Maybe. I tried to somehow reproduce behaviour with setbuf, but wasn't successful. Maybe I didn't try hard enough; anyway, we can say for certain that there is a difference between 12.3 and stable/13 (as of 2 weeks ago, because I don't update base while hunting a bug - so this may be related to some development work also). But, honestly, this is rather my least concern.
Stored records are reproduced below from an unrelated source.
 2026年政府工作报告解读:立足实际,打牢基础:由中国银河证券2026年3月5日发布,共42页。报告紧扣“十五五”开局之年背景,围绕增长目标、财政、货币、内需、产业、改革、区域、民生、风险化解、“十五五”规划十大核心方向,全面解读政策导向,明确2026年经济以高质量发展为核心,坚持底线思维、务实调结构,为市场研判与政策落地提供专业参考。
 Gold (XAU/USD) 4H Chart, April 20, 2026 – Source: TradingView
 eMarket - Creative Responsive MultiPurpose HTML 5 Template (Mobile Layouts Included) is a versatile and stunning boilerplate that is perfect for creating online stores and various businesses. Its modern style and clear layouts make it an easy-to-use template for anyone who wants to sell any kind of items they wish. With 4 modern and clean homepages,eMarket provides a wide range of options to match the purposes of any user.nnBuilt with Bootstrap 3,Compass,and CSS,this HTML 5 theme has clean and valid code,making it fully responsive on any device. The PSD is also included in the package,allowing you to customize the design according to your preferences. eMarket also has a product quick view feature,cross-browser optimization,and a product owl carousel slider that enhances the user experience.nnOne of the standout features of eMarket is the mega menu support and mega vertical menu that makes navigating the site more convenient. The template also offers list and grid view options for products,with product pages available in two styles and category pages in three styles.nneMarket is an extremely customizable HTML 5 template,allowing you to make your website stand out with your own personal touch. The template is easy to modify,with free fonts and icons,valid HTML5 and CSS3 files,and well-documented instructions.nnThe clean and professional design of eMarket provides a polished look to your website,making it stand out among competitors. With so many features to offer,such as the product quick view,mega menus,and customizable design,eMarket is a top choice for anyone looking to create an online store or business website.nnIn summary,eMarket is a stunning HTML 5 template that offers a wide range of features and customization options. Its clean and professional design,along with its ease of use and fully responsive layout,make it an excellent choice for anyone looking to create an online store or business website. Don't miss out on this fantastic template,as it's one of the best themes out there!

What is of concern to me is on one hand the phantastic coding quality as shown above, where I don't know what else is lingering there and ready to stab me in the back. And on the other hand these memory overwrites, which are probably not well explainable by different buffering behaviour (and probably also not by ongoing development work, but then, one should check the commit logs).
And the third issue is the original question of error 94, i.e. what kind of things happen in relation to capsicum, and where that might be documented.

PMc · Mar 5, 2022

Please try reproducing:

Code:

#include <unistd.h>
#include <fcntl.h>
#include <stdio.h>

main() {
    char buf[] = "12345678901234567890123456789012345678901234567890";
    int fd = open("/dev/null", O_RDONLY);
    int i = 0;

    close(1);
    dup2(fd, 1);
    close(fd);

    while(1) {
      fputs(buf, stdout);
      fflush(stdout);
      i++;
      fprintf(stderr, "%d\n", i);
    }
}

Here it crashes after 135962 iterations. (stable/13 @ 22ba2970766 )

_martin · Mar 5, 2022

Damn, I had too many beers to concentrate now. 13.0-RELEASE (releng/13.0-n244733-ea31abc261f) ok, 14-current - crash after 44781.

Quick check in gdb:

Code:

root@fbsdc:(/tmp/forums)$ gdb test test.core
(gdb)
..
#0  0x000000082232d82d in memcpy () from /lib/libc.so.7
=> 0x000000082232d82d <memcpy+173>:    48 89 17    mov    QWORD PTR [rdi],rdx
(gdb)

(gdb) i r $rdi
rdi            0x824f07ffa         34979479546
(gdb)

(gdb) x/3i $pc
=> 0x82232d82d <memcpy+173>:    mov    QWORD PTR [rdi],rdx
   0x82232d830 <memcpy+176>:    mov    QWORD PTR [rdi+rcx*1-0x8],r8
   0x82232d835 <memcpy+181>:    ret
(gdb)

(gdb) i r $rdi
rdi            0x824f07ffa         34979479546
(gdb)

(gdb) ip
         0x824d08000        0x824f08000   0x200000        0x0  rw- ----
(gdb)

(gdb) bt
#0  0x000000082232d82d in memcpy () from /lib/libc.so.7
#1  0x00000008222ed03f in ?? () from /lib/libc.so.7
#2  0x00000008222eb5cd in fputs () from /lib/libc.so.7
#3  0x0000000000201b54 in main () at test.c:15
(gdb)

So SIGSEGV is due memcpy overstepping into unmapped memory: 0x824f07ffa + 8 = 0x824F08002 which is unmapped. We should check the /usr/src/lib/libc and see what changed there within 13 release (my 13.0 is working just fine).

edit: btw fflush() is not needed.

PMc · Mar 5, 2022

_martin said:
Damn, I had too many beers to concentrate now.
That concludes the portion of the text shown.